In terms of k, where
k does not equal 0, what is the y-intercept of
the line tangent to the curve f of x is equal to 1/x
at the point of the curve where x is equal to k? So let's just think about
what they're asking. So if I were to
draw myself-- let me draw some quick
axes right over here. So that's my y-axis. This is my x-axis
right over here. And the graph f of
x is equal to 1/x would look something like this. So it looks something like this. So it kind of spikes up
there, and then it comes down, and then it goes like this. And I'm just doing a
rough approximation of it. So it would look
something like that. And then on the negative side,
it looks something like this. So this is my hand-drawn
version of roughly what this graph looks like. So this right over here
is f of x is equal to 1/x. Now, we are concerning ourselves
with the point x equals k. So let's say-- I mean, it could
be anything that's non-zero, but let's just say that
this is k right over here. So that is the point k 1/k. We can visualize the line
tangent to the curve there. So it might look
something like this. And we need to figure
out its y-intercept. Where does it
intercept the y-axis? So we need to figure out
this point right over here. Well, the best way to do
it, if we can figure out the slope of the
tangent line here, the slope of the tangent
line is just the derivative of the line at that point. If we could figure out the
slope of the tangent line, we already know that
line contains the point. Let me do this in
a different color. We know it contains
the point k comma 1/k. So if we know its slope, we
know what point it contains, we can figure out what
its y-intercept is. So the first step is
just, well, what's the slope of the tangent line? Well, to figure out the
slope of the tangent line, let's take the derivative. So if we write f of x,
instead writing it as 1/x, I'll write it as x to
the negative 1 power. That makes it a little
bit more obvious that we're about to use
the power rule here. So the derivative
of f at any point x is going to be equal
to-- well, it's going to be the exponent
here is negative 1. So negative 1 times
x to the-- now we decrement the exponent
to the negative 2 power. Or I could say it's negative
x to the negative 2. Now, what we care about is
the slope when x equals k. So f prime of k is going
to be equal to negative k to the negative 2 power. Or another way of thinking about
it, this is equal to negative 1 over k squared. So this right over
here is the slope of the tangent
line at that point. Now, let's just think
about what the equation of the tangent line is. And we could think about
it in slope-intercept form.
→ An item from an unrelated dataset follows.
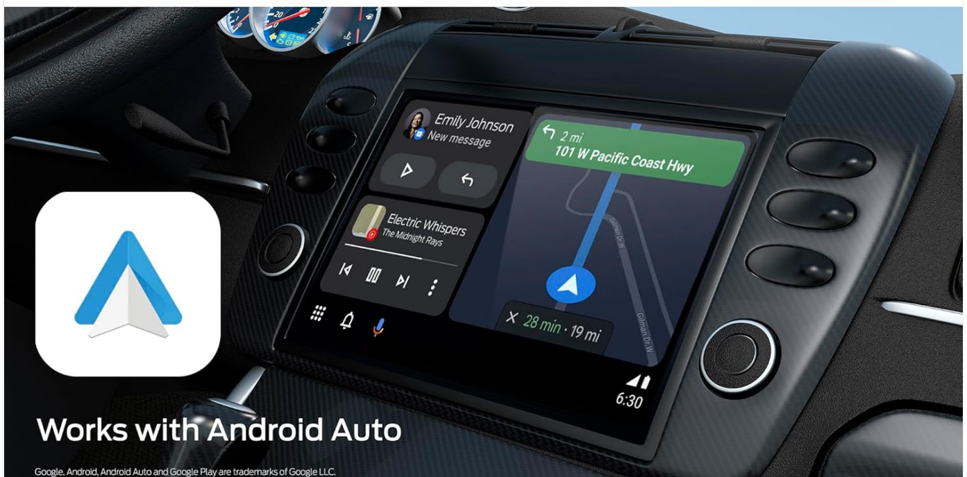
Image 5: The adapter supports both Apple CarPlay and Android Auto, as shown on the car's display.

So we know the equation of a
line in slope-intercept form is y is equal to mx plus
b, where m is the slope and b is the y-intercept. So if we can get it in this
form, then we know our answer. We know what the
y-intercept is going to be. It's going to be b. So let's think about
it a little bit. This equation, so
we could say y is equal to our m, our slope
of the tangent line, when x is equal to k, we just
figure out to be this business. It equals this thing
right over here. So let me write that in blue. Negative 1 over k
squared times x plus b. So how do we solve for b? Well, we know what y is
when x is equal to k. And so we can use
that to solve for b. We know that y is equal to
1/k when x is equal to k. So this is going to be
equal to negative 1-- that's not the same color. Negative 1 over k
squared times k plus b. Now, what does this simplify to? See, k over k squared is
the same thing as 1/k, so this is going
to be negative 1/k. So this part, all of this
simplifies to negative 1/k. So how do we solve for b? Well, we could just
add 1/k to both sides and we are left with-- if
you add 1/k here-- actually, let me just do that. Plus 1/k, left-hand side,
you're left with 2/k, and on the right-hand side,
you're just left with b, is equal to b. So we're done. The y-intercept of
the line tangent to the curve when x equals
k is going to be 2/k. If we wanted the equation
of the line, well, we've done all the work. Let's write it out. It'll be satisfying. It's going to be y is equal
to negative 1/k squared x plus our
y-intercept, plus 2/k. And we're done.